In mancanza di libri veri, di qualità hanno accettato tutto quello che chiunque si è proposto di scrivere con risultato che questi libri non sono nemmeno lontanamente accettabili come libri di testo.

Bello il discorso del condividere il sapere, fare comunità, mettere in comune le conoscenze... Ma se non c'è nessuno disponibile a metterci il materiale il tutto si riduce a una mega masturbazione di gruppo in cui la gente di ripete a vicenda queste storielle sulla condivisione del sapere.
Inizia a trovare gente che ha in mano materiale da condividere e che è disposta a condividerlo, poi parliamo di quanto sia bello farlo.

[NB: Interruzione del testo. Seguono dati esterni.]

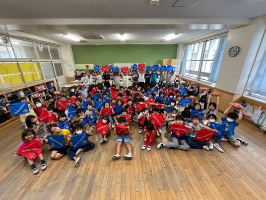 本事業は、これまでに累計8,000校以上の支援実績を持つ教育支援事業です。 今年度は700校に、副読本・用具(フラッグとベルト)・先生用ガイドがセットになったパッケージを助成いたします。
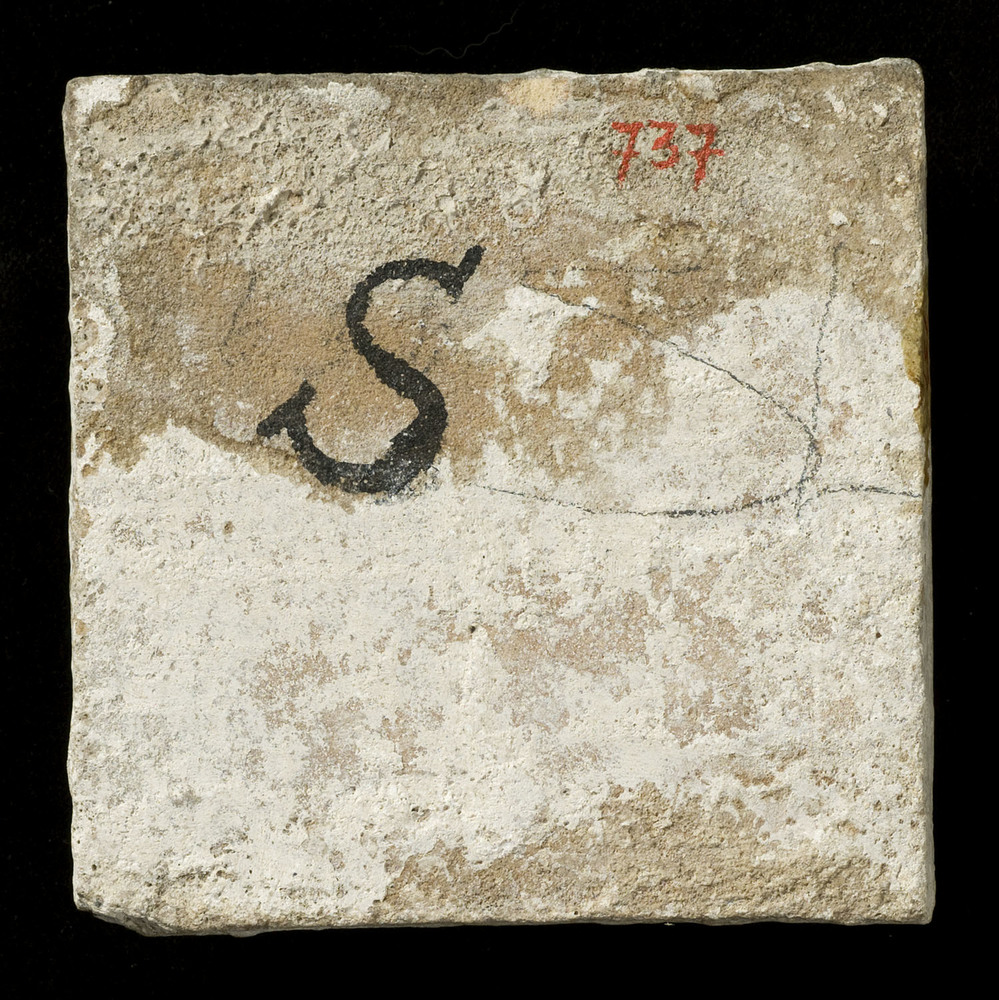 Vloertegel van keramiek, tinglazuur, voorstellende e...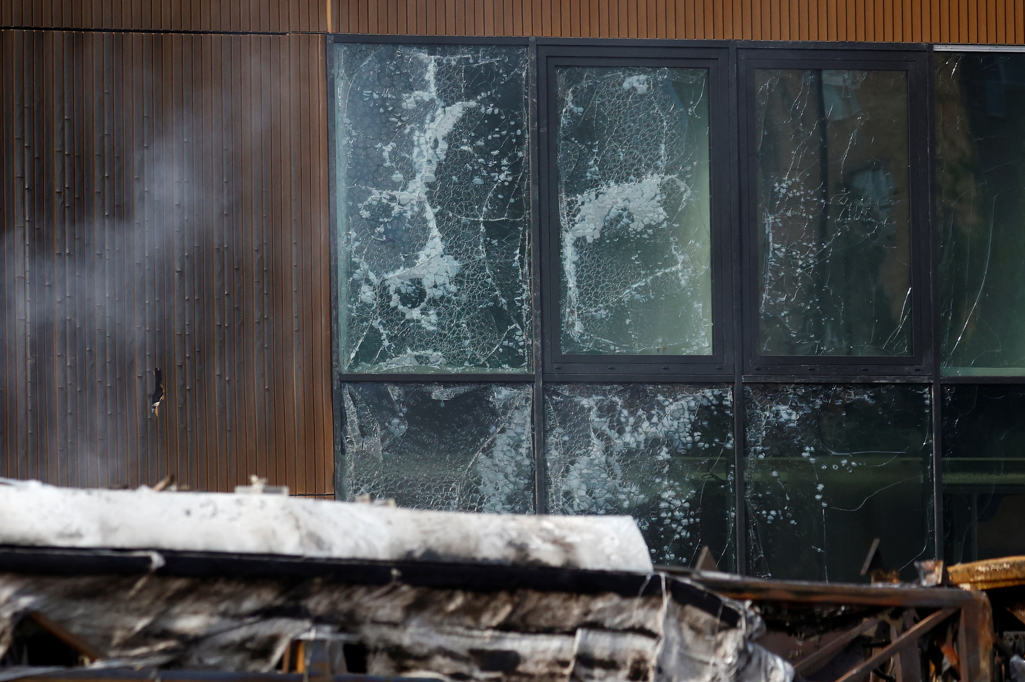 巴黎奥林匹克游泳训练中心的外立面遭到暴徒破坏 | 路透社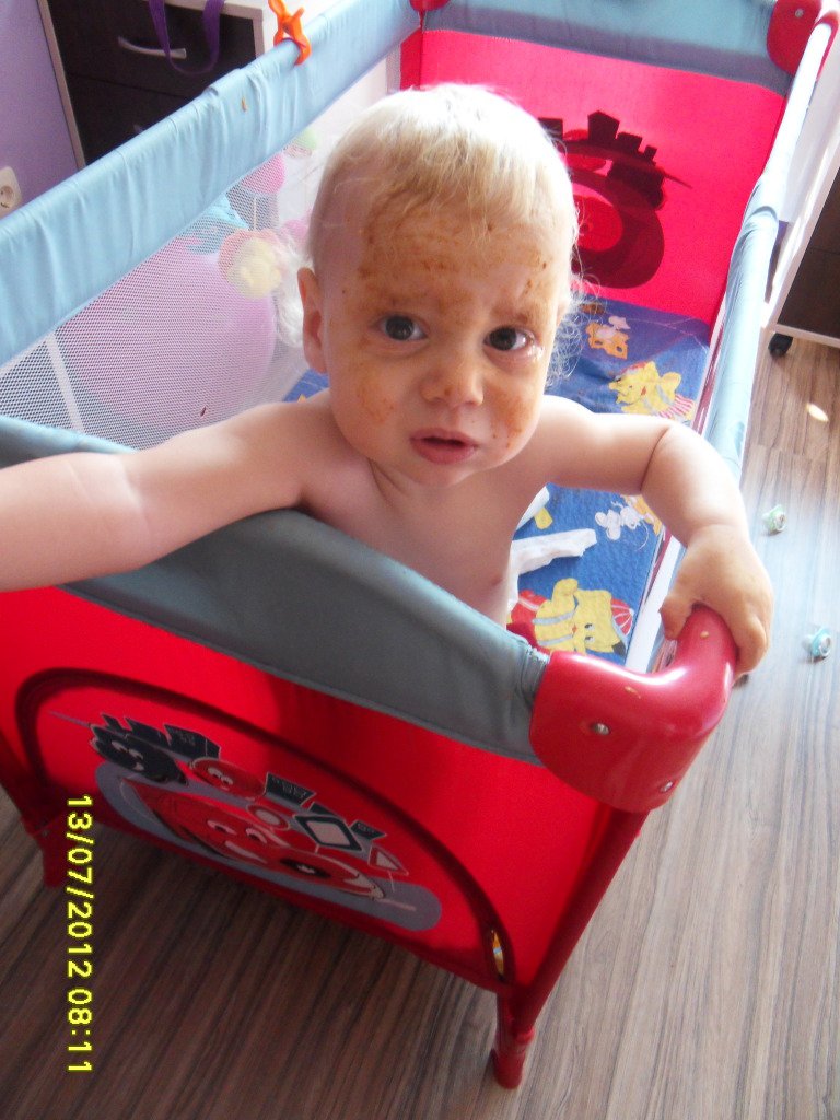Вики е сладур голям! Ама не и на втората снимка ..... Wink Как ли сте се спасили от миризмата, направо не знам Simple Smile И Марио веднъж си свали наакания памперс, ама го хвърли на земята от кошарката; добре, че не се е запознал с него отблизо, като Вики  Joy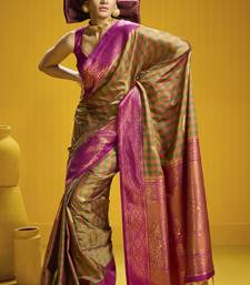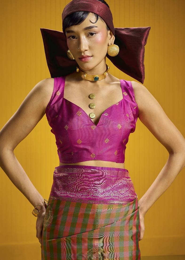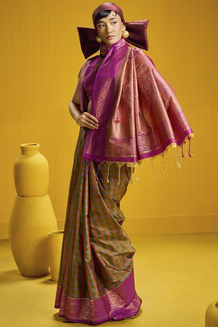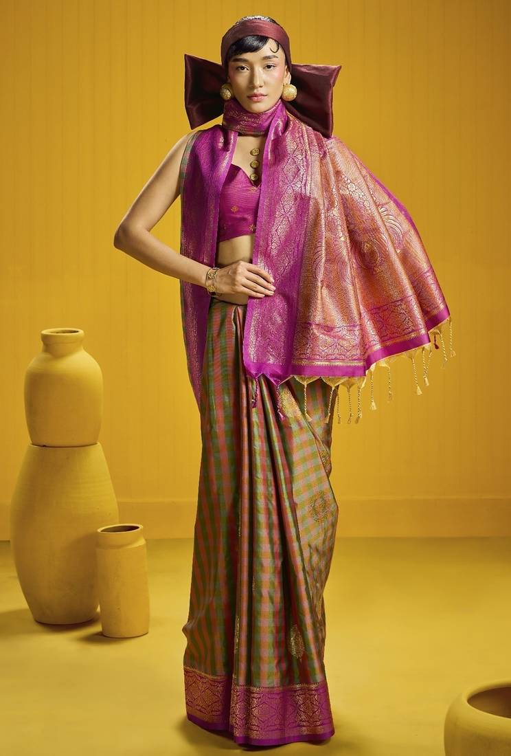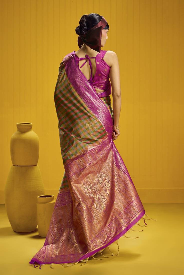 Traditional handloom pure silk saree with checks pattern & matching blouse

Un'ultima nota. Il deputato grillino che lodava questa iniziativa ha dato un'occhiata ai libri o si è limitato a bersi le dichiarazioni eufemistiche dei loro promotori?
Tra l'altro dichiara di avere una Laurea specialistica in educazione degli adulti e formazione continua.
Possibile che non si sia reso conto della scarsa qualità di quelle dispensine spacciate per libri di testo?
Oppure basta dire le quattro parole chiave che lo fanno rizzare al grillino (condivisione, rééééte, online, gratis...) e questi non capiscono più niente?

 

*Piesse:Chiunque di noi ha studiato/studia sa bene che una parte fondamentale dello studio consiste nel massacrare il libro con appunti, evidenziazioni, frecce che legano una parte con l'altra...
Ad esempio, io quando anche scarico un articolo scientifico da studiare/revisionare me lo stampo sempre, dallo schermo non riuscirei a studiarlo/valutarlo se non posso metterci sopra la penna (e no, fare le stesse cose in digitale non è la stessa cosa).
Come dico spesso, la tecnologia è spesso utile nell'insegnamento ma delle volte è un pericoloso alibi per l'insegnante che pensa che il problema sia solo la tecnologia, mentre spesso si può insegnare con bassa tecnologia, basta mettersi d'impegno (per esempio, qualche mese fa davanti a studenti che non capivano come funzionava un giroscopio laser ad anello ho preso quattro studenti e li ho messi a ruotare in tondo mentre io in mezzo ruotavo nella stessa direzione o in direzione opposta).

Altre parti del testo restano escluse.